• **Task statement**
Go through the listing below and write out exactly the lines from the one that mentions "Stainless Steel Zircon" through the one that mentions "Thanks, Chris R!", minus the pictures.

• **Material to process**
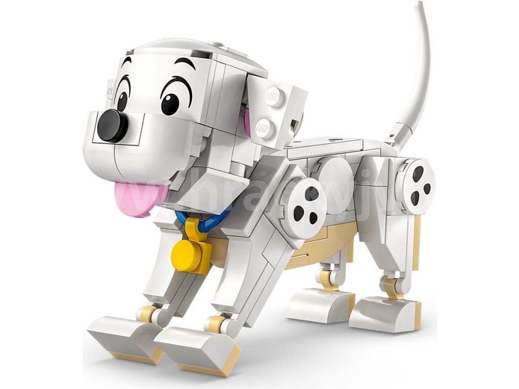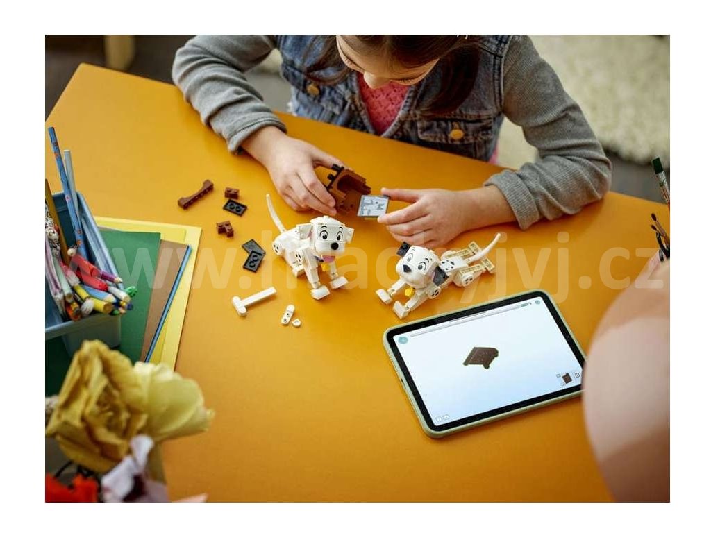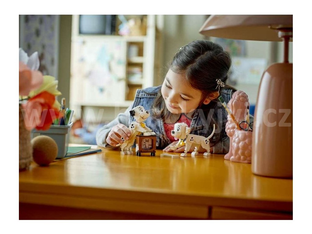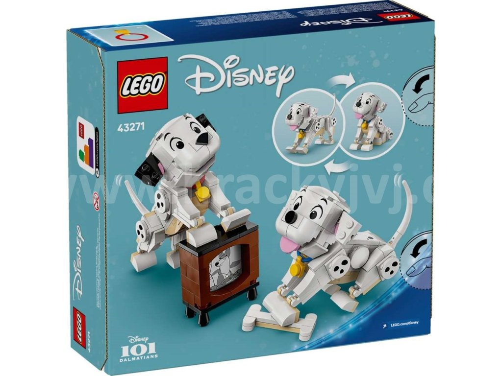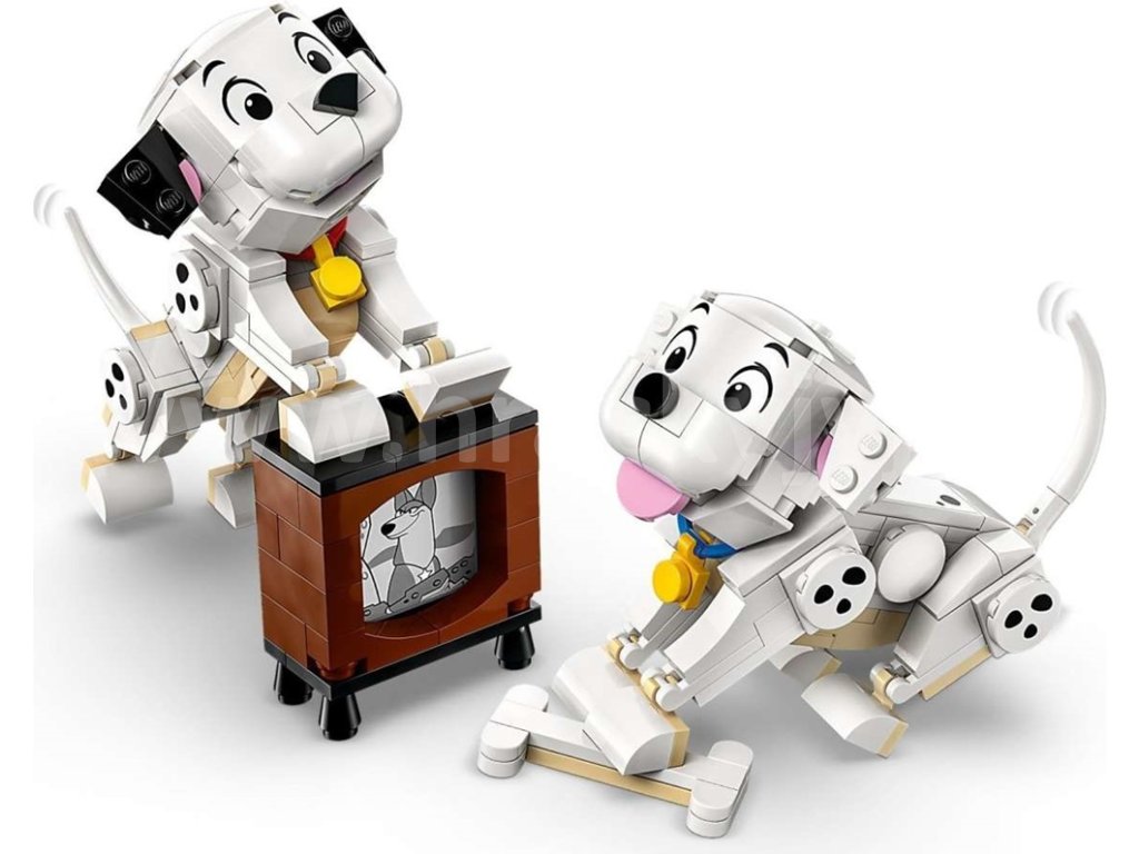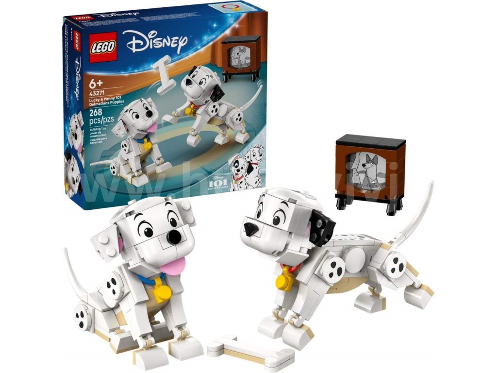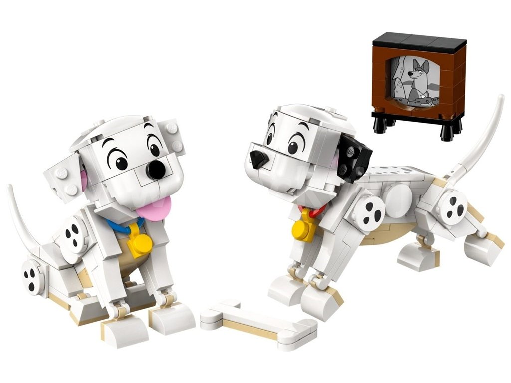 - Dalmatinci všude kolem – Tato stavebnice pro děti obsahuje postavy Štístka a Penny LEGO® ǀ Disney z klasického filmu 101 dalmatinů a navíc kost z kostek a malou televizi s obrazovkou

---

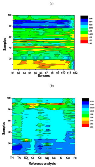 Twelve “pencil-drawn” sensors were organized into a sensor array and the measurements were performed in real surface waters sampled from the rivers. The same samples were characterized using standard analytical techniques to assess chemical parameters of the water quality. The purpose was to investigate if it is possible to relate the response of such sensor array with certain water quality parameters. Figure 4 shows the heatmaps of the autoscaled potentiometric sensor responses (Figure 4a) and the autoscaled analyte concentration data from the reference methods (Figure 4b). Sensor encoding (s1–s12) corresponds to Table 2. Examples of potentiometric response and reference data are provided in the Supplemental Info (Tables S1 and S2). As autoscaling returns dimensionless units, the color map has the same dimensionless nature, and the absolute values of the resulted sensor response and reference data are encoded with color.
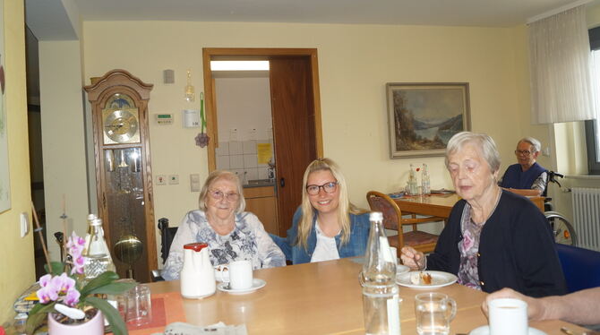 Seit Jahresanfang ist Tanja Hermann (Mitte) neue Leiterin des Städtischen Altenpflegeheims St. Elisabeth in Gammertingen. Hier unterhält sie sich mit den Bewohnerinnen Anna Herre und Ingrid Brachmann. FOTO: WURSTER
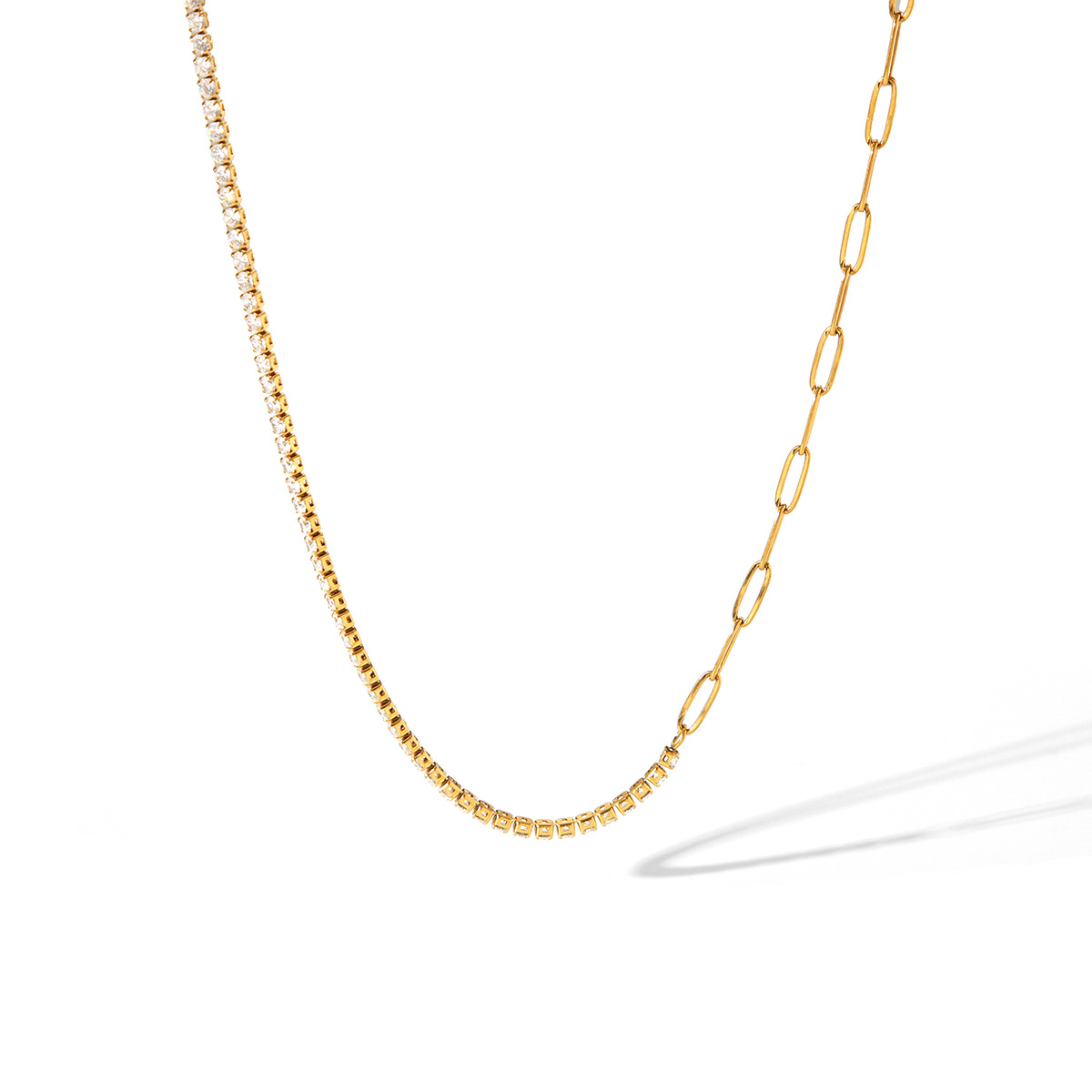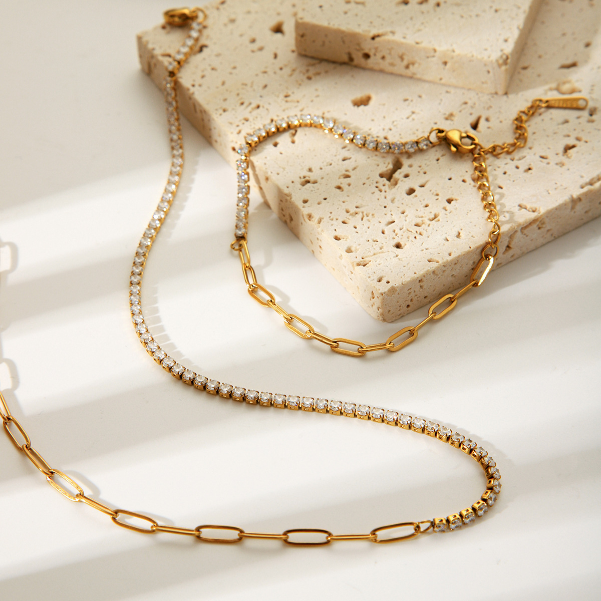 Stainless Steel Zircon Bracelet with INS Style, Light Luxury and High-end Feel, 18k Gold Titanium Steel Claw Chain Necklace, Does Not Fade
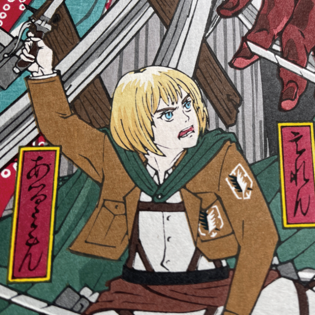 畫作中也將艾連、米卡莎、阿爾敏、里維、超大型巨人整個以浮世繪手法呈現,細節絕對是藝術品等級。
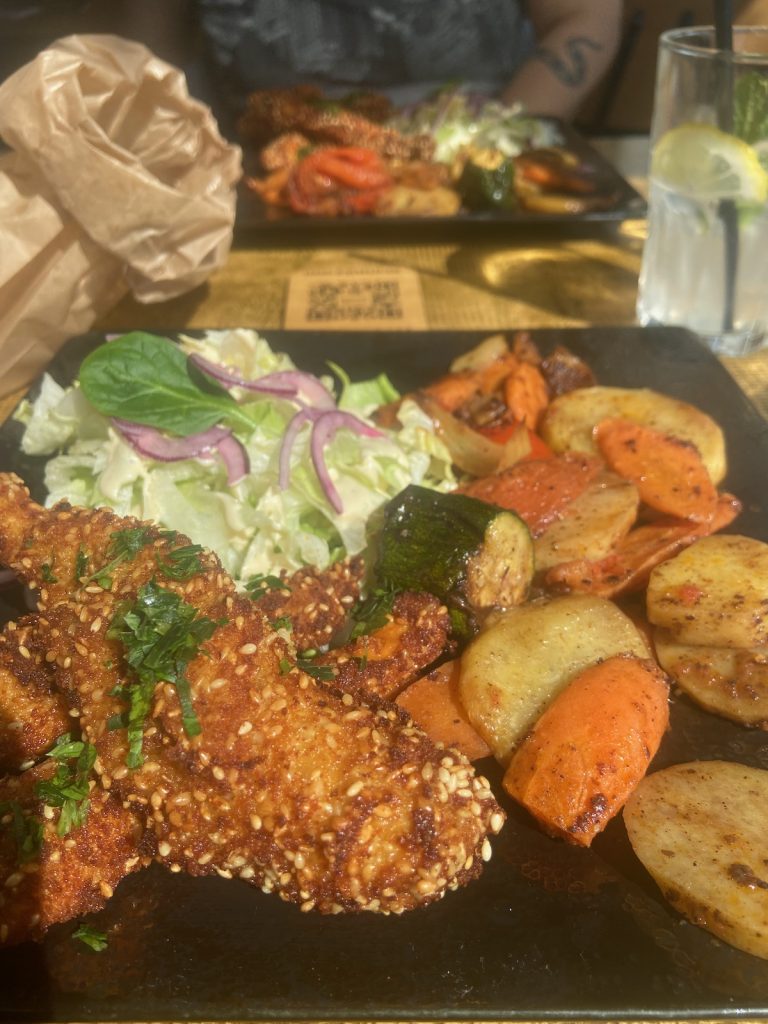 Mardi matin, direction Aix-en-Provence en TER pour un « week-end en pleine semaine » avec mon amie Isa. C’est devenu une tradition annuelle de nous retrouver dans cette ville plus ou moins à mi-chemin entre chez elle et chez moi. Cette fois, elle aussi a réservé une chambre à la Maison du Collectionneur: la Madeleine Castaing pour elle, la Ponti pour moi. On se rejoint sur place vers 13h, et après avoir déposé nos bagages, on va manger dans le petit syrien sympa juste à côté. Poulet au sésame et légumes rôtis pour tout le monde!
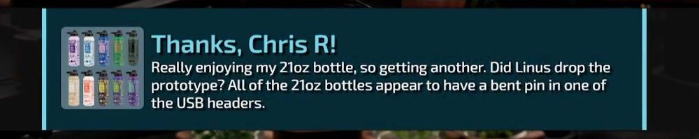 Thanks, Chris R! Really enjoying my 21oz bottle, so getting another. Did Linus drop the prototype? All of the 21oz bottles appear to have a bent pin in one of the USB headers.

---

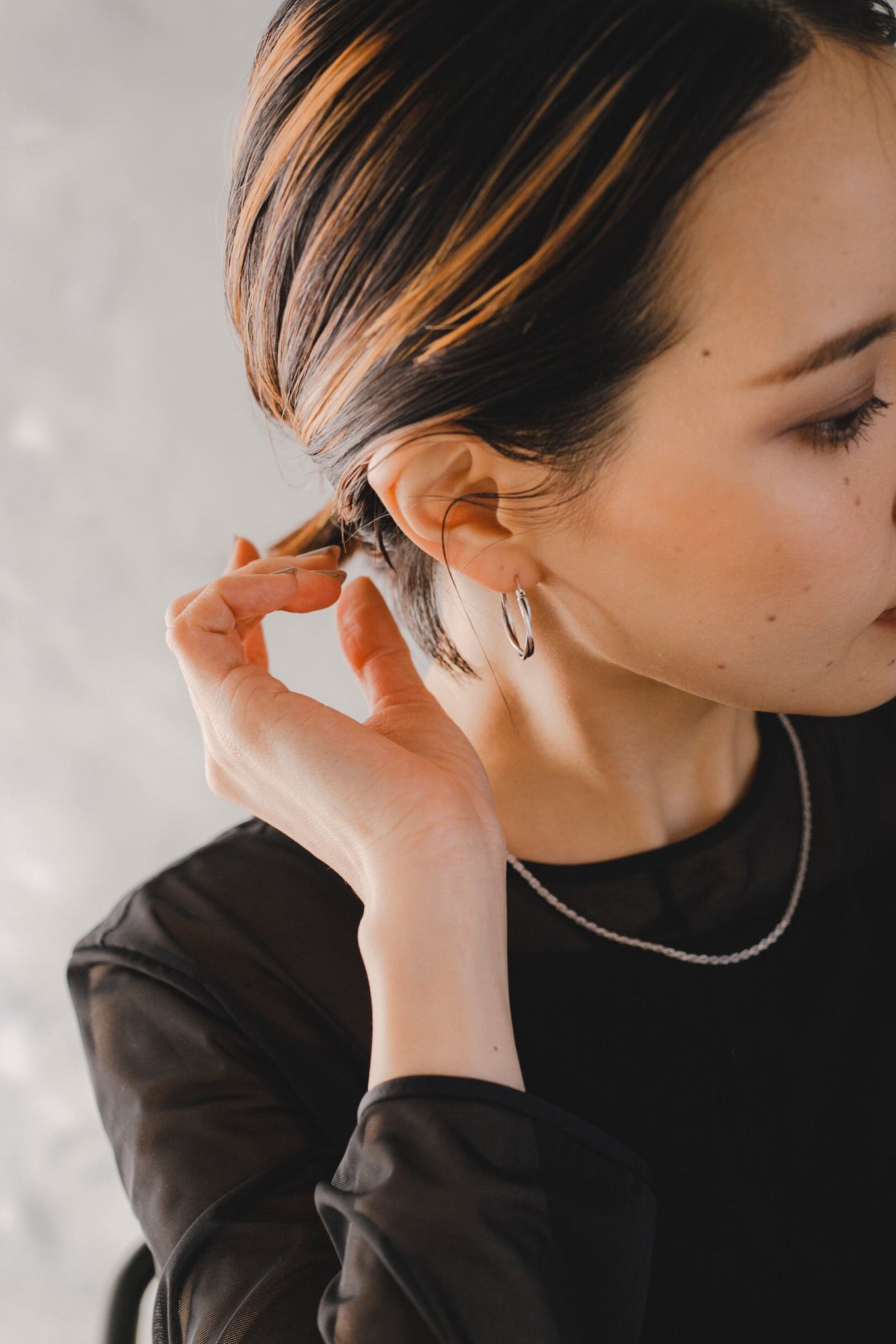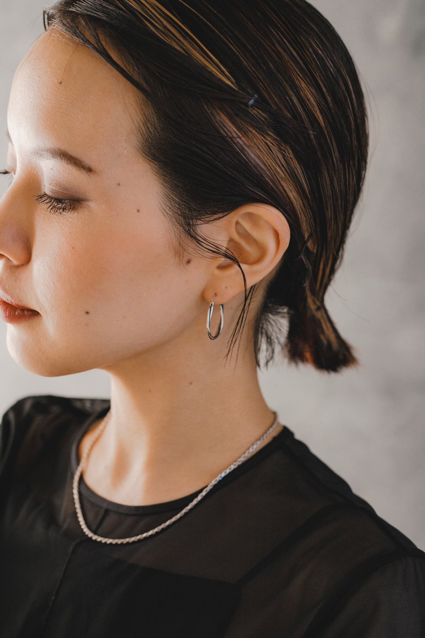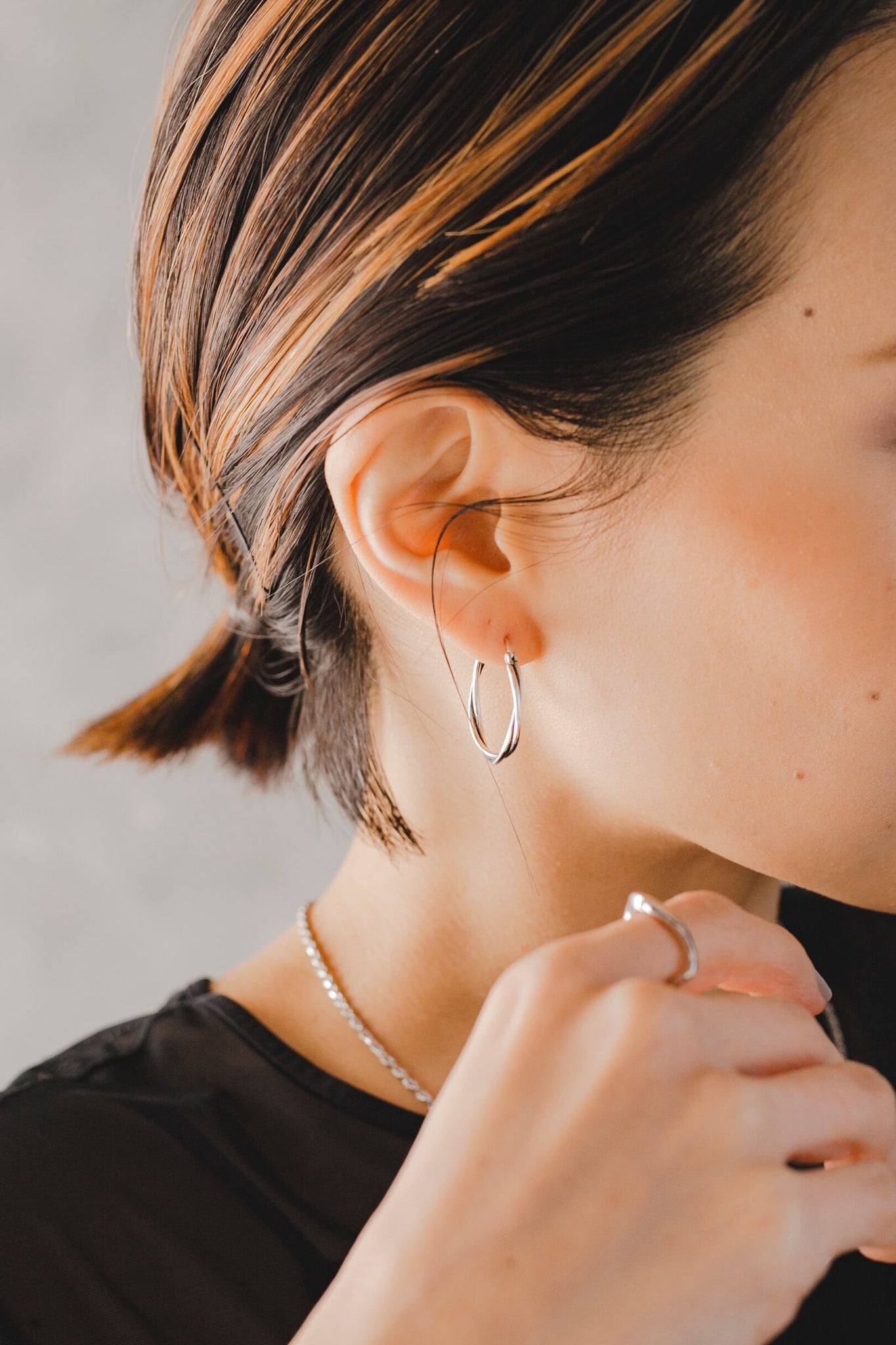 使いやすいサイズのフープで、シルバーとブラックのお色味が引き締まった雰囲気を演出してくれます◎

• **Answer for the task**
 Stainless Steel Zircon Bracelet with INS Style, Light Luxury and High-end Feel, 18k Gold Titanium Steel Claw Chain Necklace, Does Not Fade
 畫作中也將艾連、米卡莎、阿爾敏、里維、超大型巨人整個以浮世繪手法呈現,細節絕對是藝術品等級。
 Mardi matin, direction Aix-en-Provence en TER pour un « week-end en pleine semaine » avec mon amie Isa. C’est devenu une tradition annuelle de nous retrouver dans cette ville plus ou moins à mi-chemin entre chez elle et chez moi. Cette fois, elle aussi a réservé une chambre à la Maison du Collectionneur: la Madeleine Castaing pour elle, la Ponti pour moi. On se rejoint sur place vers 13h, et après avoir déposé nos bagages, on va manger dans le petit syrien sympa juste à côté. Poulet au sésame et légumes rôtis pour tout le monde!
 Thanks, Chris R! Really enjoying my 21oz bottle, so getting another. Did Linus drop the prototype? All of the 21oz bottles appear to have a bent pin in one of the USB headers.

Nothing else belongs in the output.